**Assigned task**
Pictures are to be left out, and only the lines below starting at the one with "גלימה דו צדדית, פעם" and ending at the one with "Cardigã feminino com" are to be reproduced, each exactly, both ends included.

**Source data**
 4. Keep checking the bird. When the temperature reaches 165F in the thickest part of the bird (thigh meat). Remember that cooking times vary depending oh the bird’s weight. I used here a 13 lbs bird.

...

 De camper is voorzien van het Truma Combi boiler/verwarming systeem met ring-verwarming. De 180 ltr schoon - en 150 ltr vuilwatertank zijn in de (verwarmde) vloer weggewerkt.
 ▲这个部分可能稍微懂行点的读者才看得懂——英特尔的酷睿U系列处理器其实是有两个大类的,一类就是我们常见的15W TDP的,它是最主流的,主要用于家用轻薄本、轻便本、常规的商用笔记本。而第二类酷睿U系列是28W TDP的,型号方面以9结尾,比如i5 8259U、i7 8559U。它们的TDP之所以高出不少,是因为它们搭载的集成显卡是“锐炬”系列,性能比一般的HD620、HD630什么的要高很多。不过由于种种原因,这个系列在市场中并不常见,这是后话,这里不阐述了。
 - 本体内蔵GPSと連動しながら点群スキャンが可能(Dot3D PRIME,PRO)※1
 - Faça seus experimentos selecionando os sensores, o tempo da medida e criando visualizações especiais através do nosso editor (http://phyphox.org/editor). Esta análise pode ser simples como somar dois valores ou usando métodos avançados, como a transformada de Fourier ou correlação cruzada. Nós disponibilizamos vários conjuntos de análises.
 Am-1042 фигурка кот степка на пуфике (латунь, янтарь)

...

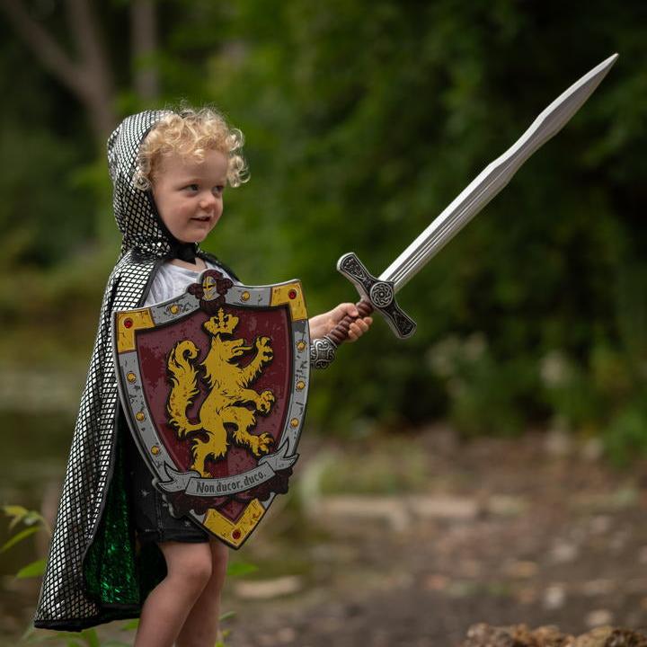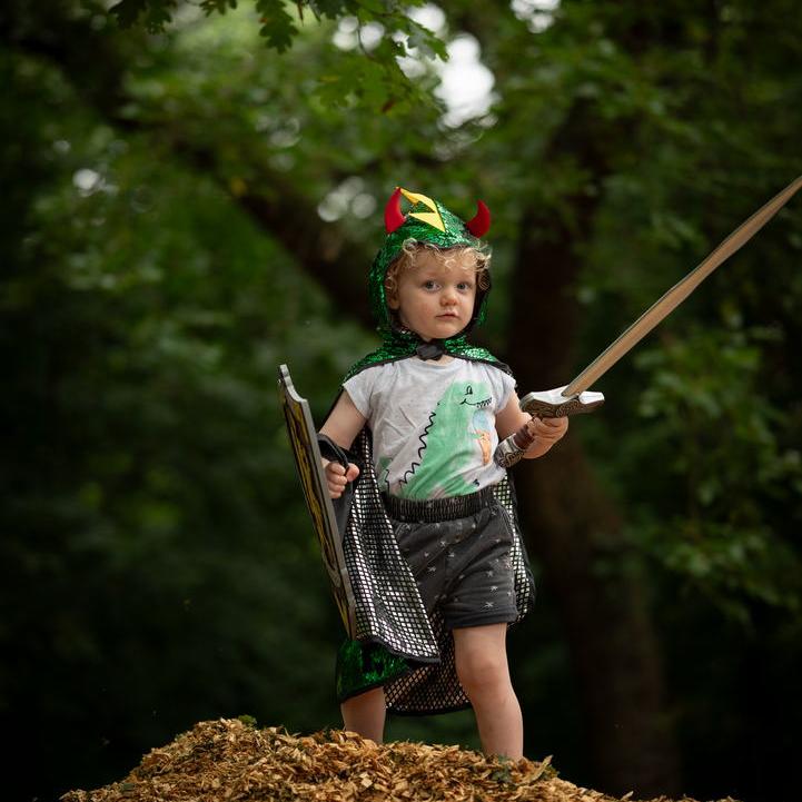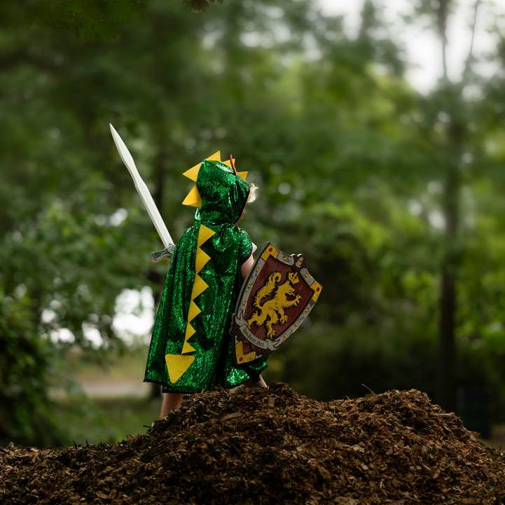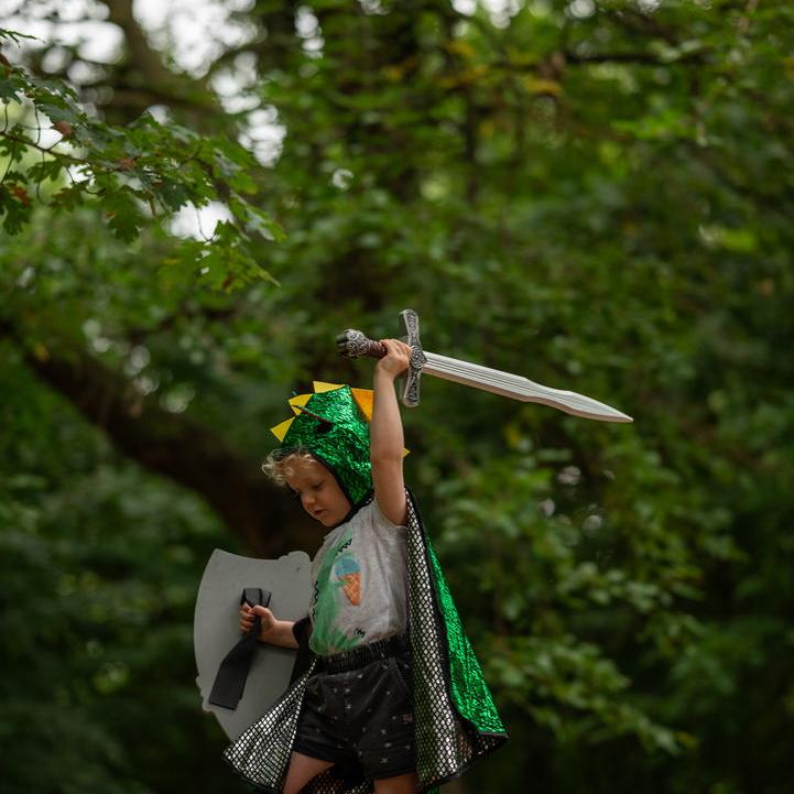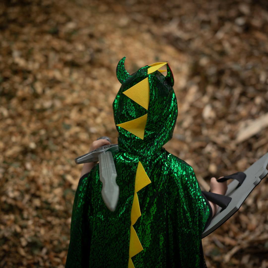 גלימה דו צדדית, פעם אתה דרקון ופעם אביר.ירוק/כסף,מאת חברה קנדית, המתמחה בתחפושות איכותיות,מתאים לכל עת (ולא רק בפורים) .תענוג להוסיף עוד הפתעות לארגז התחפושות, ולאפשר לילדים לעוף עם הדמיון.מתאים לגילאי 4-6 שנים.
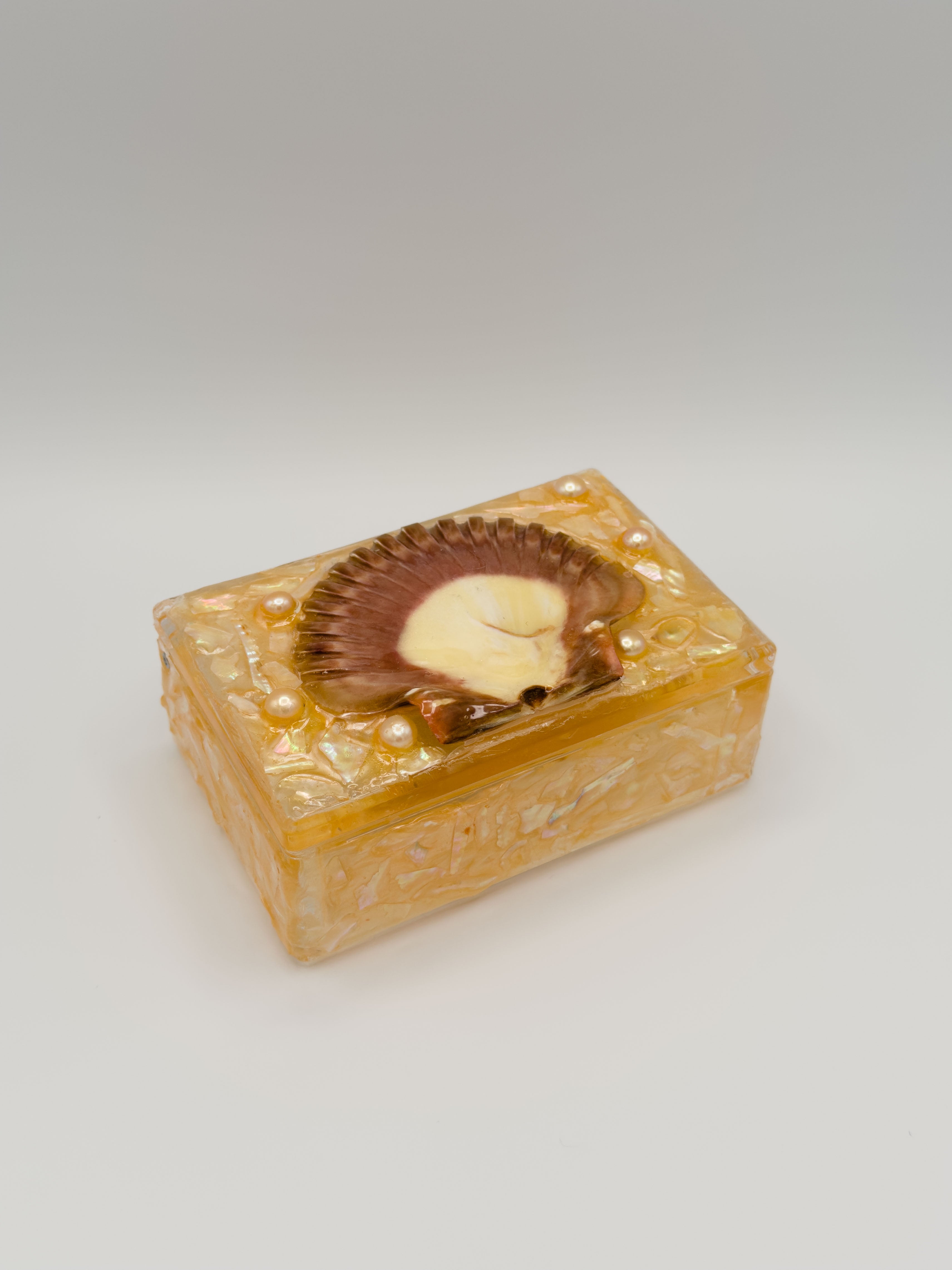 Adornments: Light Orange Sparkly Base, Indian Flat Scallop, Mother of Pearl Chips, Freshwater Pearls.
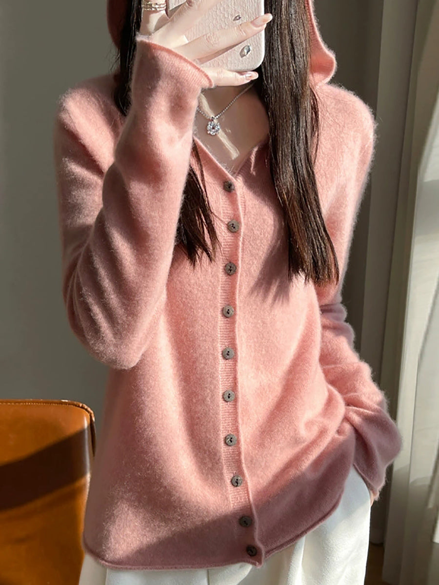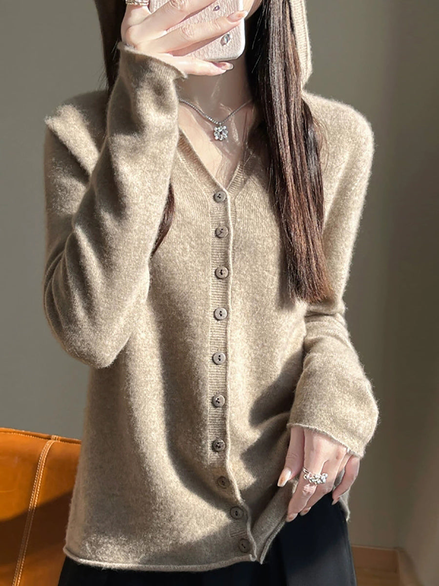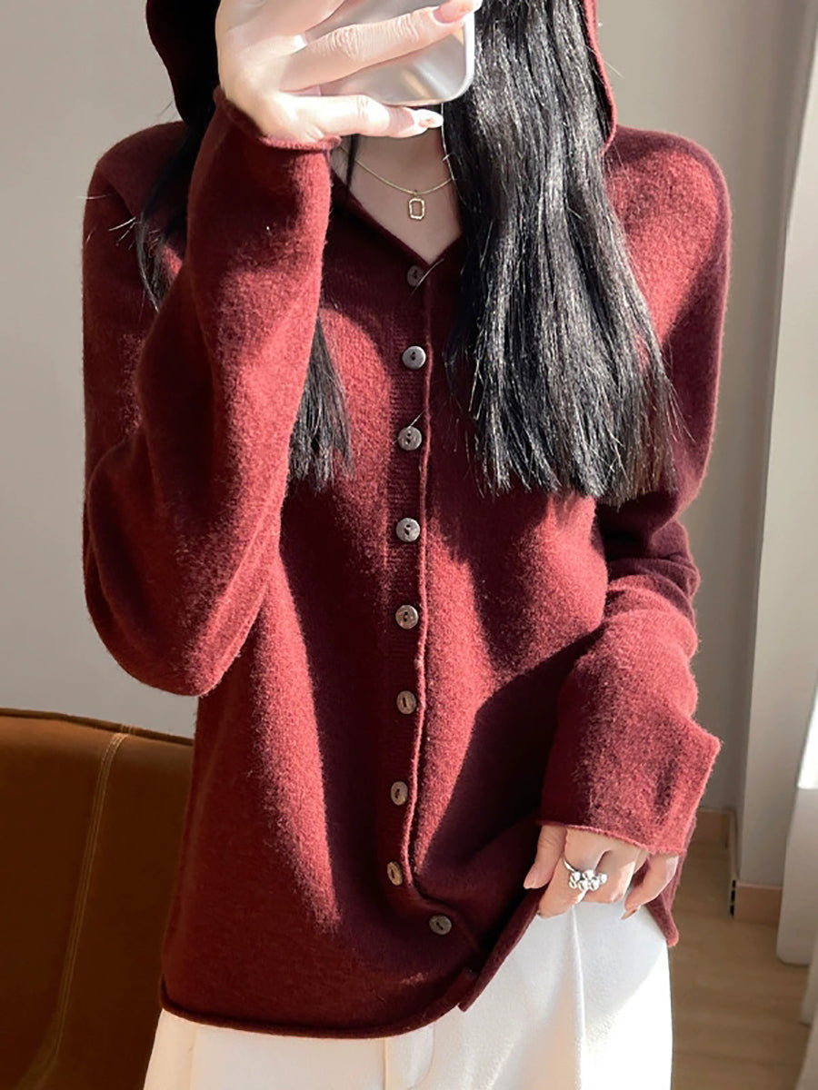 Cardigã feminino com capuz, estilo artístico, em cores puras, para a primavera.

**Answer for the task**
 גלימה דו צדדית, פעם אתה דרקון ופעם אביר.ירוק/כסף,מאת חברה קנדית, המתמחה בתחפושות איכותיות,מתאים לכל עת (ולא רק בפורים) .תענוג להוסיף עוד הפתעות לארגז התחפושות, ולאפשר לילדים לעוף עם הדמיון.מתאים לגילאי 4-6 שנים.
 Adornments: Light Orange Sparkly Base, Indian Flat Scallop, Mother of Pearl Chips, Freshwater Pearls.
 Cardigã feminino com capuz, estilo artístico, em cores puras, para a primavera.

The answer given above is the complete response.